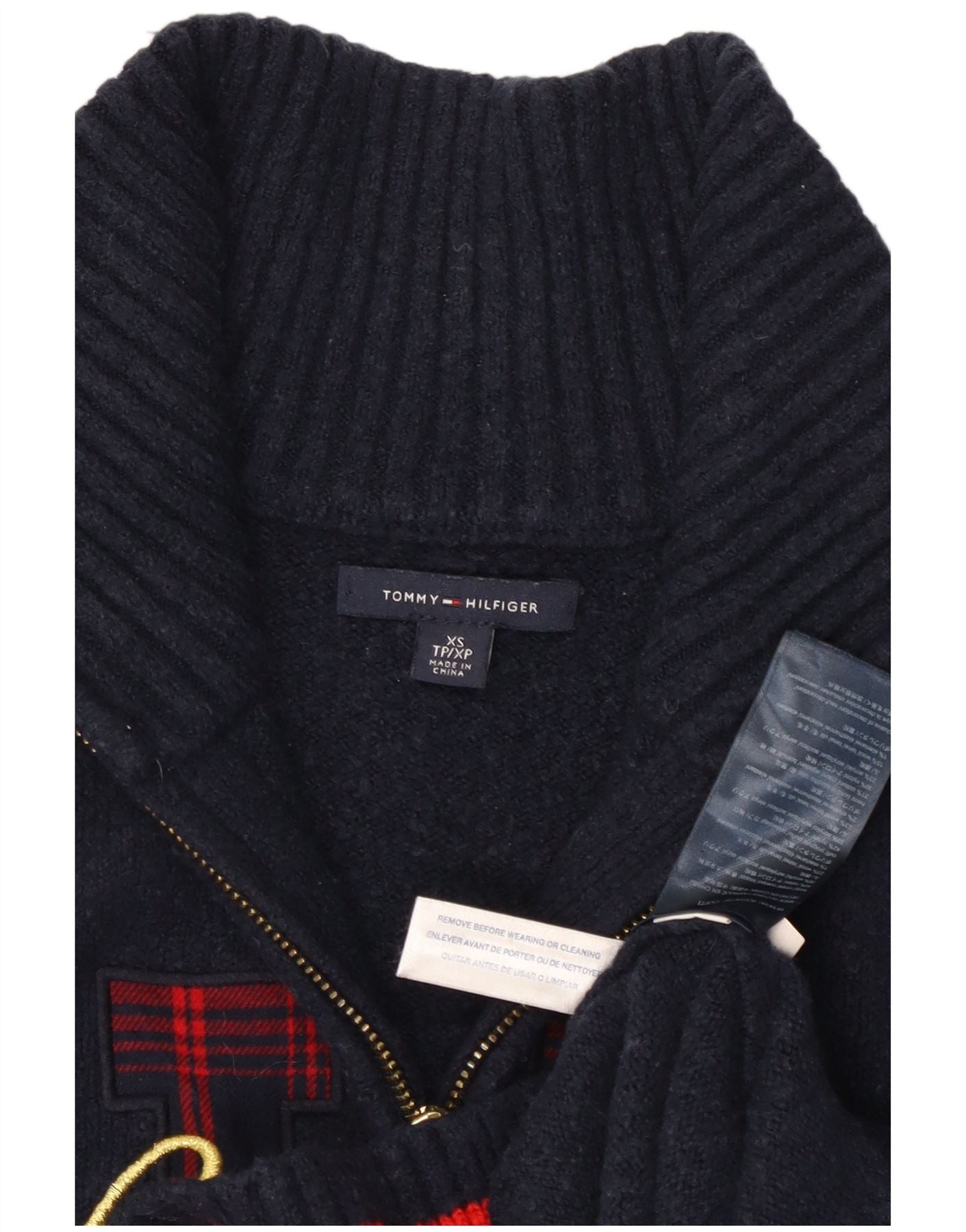 TOMMY HILFIGER Womens Zip Neck Jumper Sweater UK 6 XS Navy Blue Striped
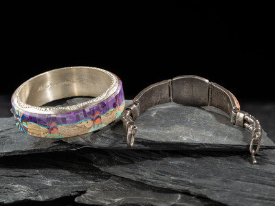 Pair of Sterling Silver and Mosaic Inlay Bangle and Link Bracelets
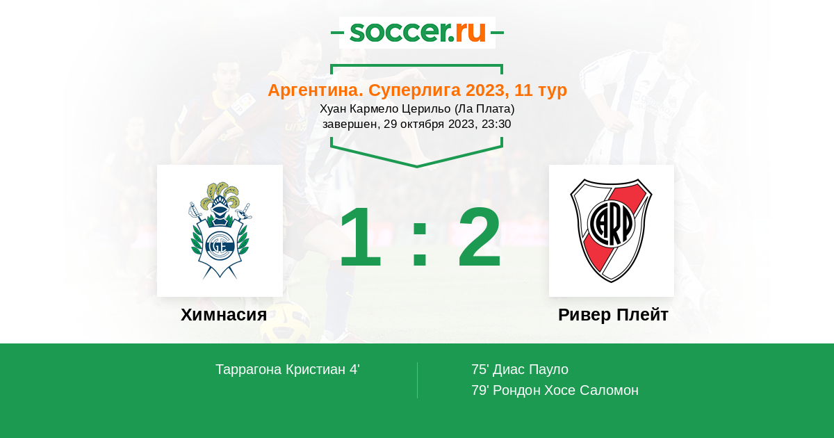 Аргентина. Суперлига 23.08.2021 Химнасия Логотип футбольный клуб Химнасия (Ла-Плата) 1:1 Логотип футбольный клуб Ривер Плейт (Буэнос-Айрес) Ривер Плейт
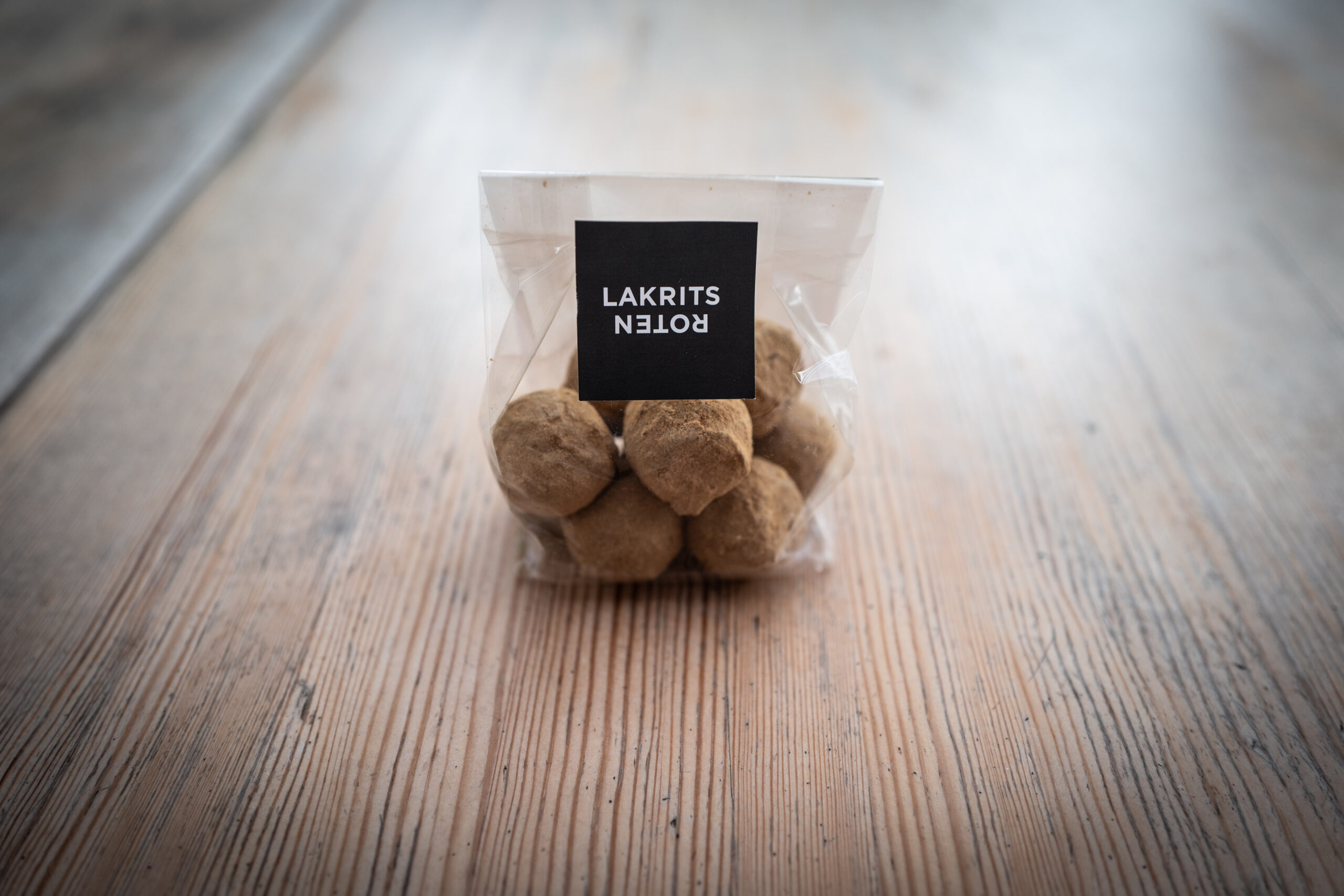 2016年に年間の最優秀ラクリッツ賞を受賞した商品。とろけるバターキャラメルをチョコレートで包み、ラクリスパウダーを振りかけて仕上げています。それぞれのパートが持つ甘さ、苦さ、塩み、香りのコンビネーションが最高(そうそう、いわゆるラクリッツのグミが苦手な人は、ラクリッツパウダーから始めるのが僕のおすすめ。バニラアイスにかけたりすると、いきなり大人のデザートに)。辛口のスパークリングワインと合わせると最高よ、とナタリーさん。高品質の原材料をつかい、一つ一つ手作りでつくられており、プレゼントとしても人気だそうです。
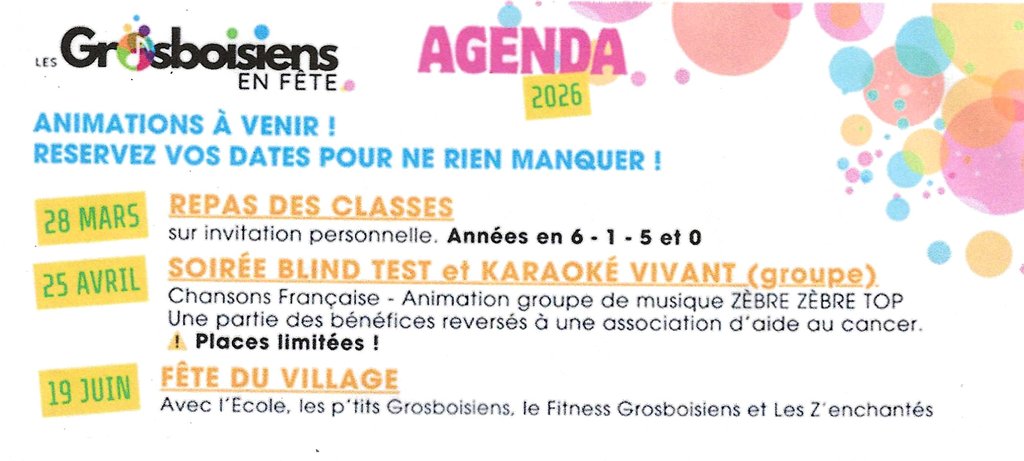"LES GROSBOISIENS EN FÊTE" : AGENDA 2026
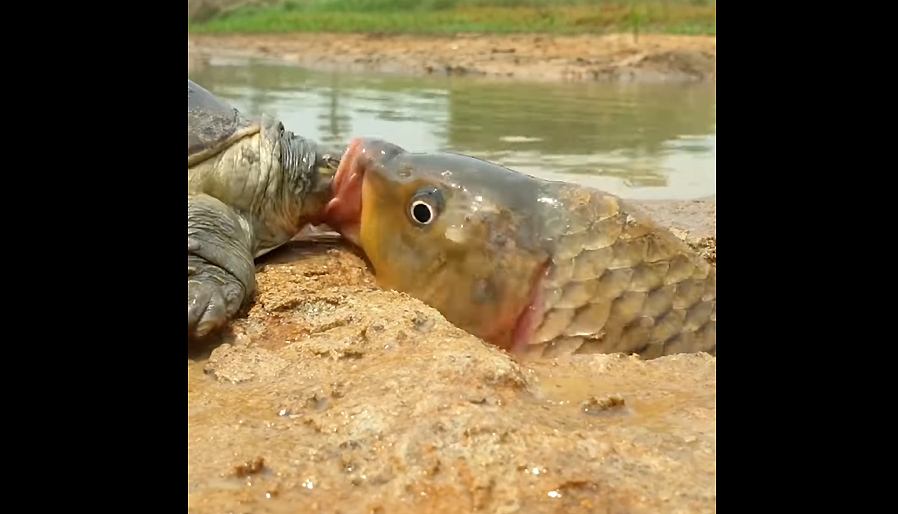 "Nụ hôn" của rùa và cá chép khiến nhiều người tưởng đây là vụ đánh nhau, xem đến cuối clip mới vỡ lẽ, hóa ra cá chép nhờ rùa mà thoát kiếp nạn.
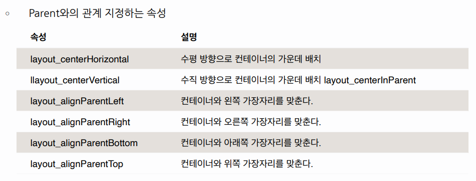 뷰를 위젯끼리나 컨테이너(Parent) 끼리의 위치관계로 배치하는 레이아웃
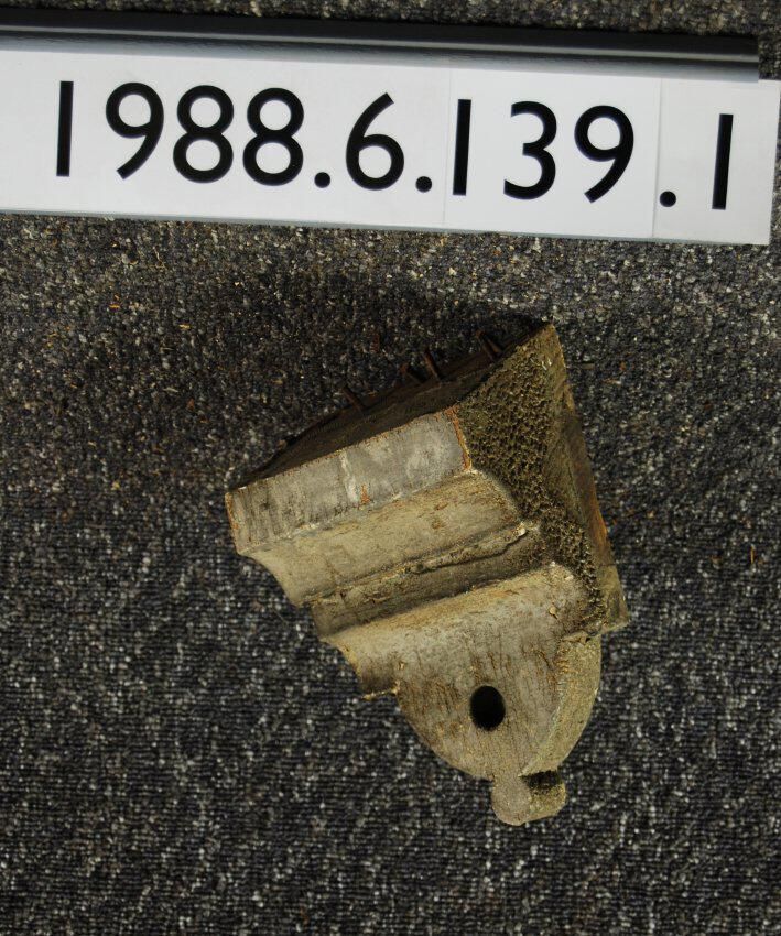 Wood bracket. Angled top. Compound contour. Semi-circular drop with hole. Painted grey. Inscriptions or Markings: Manufacturer: Place of Manufacturer: Design motif: Style: Finish: Painted

GOAL OF THE EXERCISE:
Copy nothing outside the span: please output the lines from the one with "thoát kiếp nạn." through the end of the entries above, and skip the pictures.

OUTPUT OF THE EXERCISE:
 "Nụ hôn" của rùa và cá chép khiến nhiều người tưởng đây là vụ đánh nhau, xem đến cuối clip mới vỡ lẽ, hóa ra cá chép nhờ rùa mà thoát kiếp nạn.
 뷰를 위젯끼리나 컨테이너(Parent) 끼리의 위치관계로 배치하는 레이아웃
 Wood bracket. Angled top. Compound contour. Semi-circular drop with hole. Painted grey. Inscriptions or Markings: Manufacturer: Place of Manufacturer: Design motif: Style: Finish: Painted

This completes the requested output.